Roger: People recognise us because of videos. You know I travelled in a taxi once and when asked what I did, I replied a musician and it eventually go to the fact that I was one of Duran Duran. The guy remembered the film clip of us on a boat before he could remember our music. We remained very visual.
I am interested after 25 years or more to hear about the Girls On Film video that was banned half way round the world. Watching it recently, I am reminded how absolutely contemporary it was. I would suggest it was a little filthy for its time in the middle of Thatcherite England in the eighties.
Roger: You know it wasn’t intended to be filthy. Rather provocative, but when you look at it, nipples and ice cubes and women rubbing themselves against poles, it was ahead of its time. It was voted as the sexiest film clip of all time in the UK which astounded us.
Simon: Our target audience at that time was teenage girls and there were parents who were disgusted at what their little girls were watching. We had thousands of complaints and parents were outraged. You know there were women kissing each other after having a pillow fight on a rocket. It was certainly provocative.
There was a strong homo erotic / quasi gothic look with the New Romantic movement and some of your clips.

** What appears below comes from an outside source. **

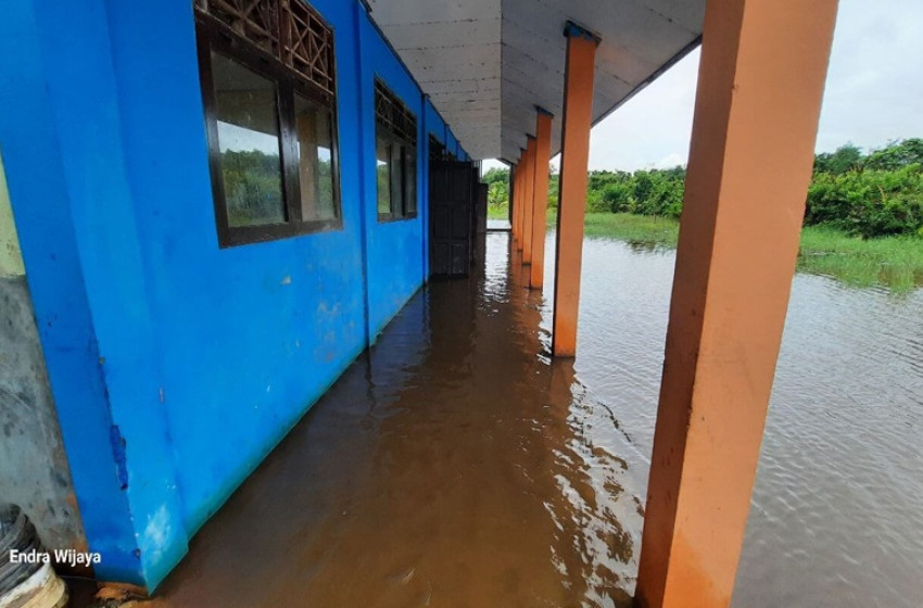 Banjir rob di SDN Kunjung Lampuyang, Kecamatan Teluk Sampit, Kabupaten Kotawaringin Timur (Kotim), Kalteng. (Foto BPDD Kottim)

How do you react to the suggestion that there are quite a few 30 something gay men out there who are as obsessed as the women were?
Simon: We have always had a gay following as have all the new romantic bands and singers. This was the era of expression where everything was thrown out the window. We knew we had a gay following – they were there dressed like us at our shows. I would be surprised if there weren’t a whole lot out there.
Roger: We appealed to a very diverse audience and we knew that the gay community in the eighties were loving our visual style. Again, we wore a purple suit not ‘cos were told to but that was what we wanted to wear in the street. We did worry that our visual could overshadow the music, and to some degree that happened.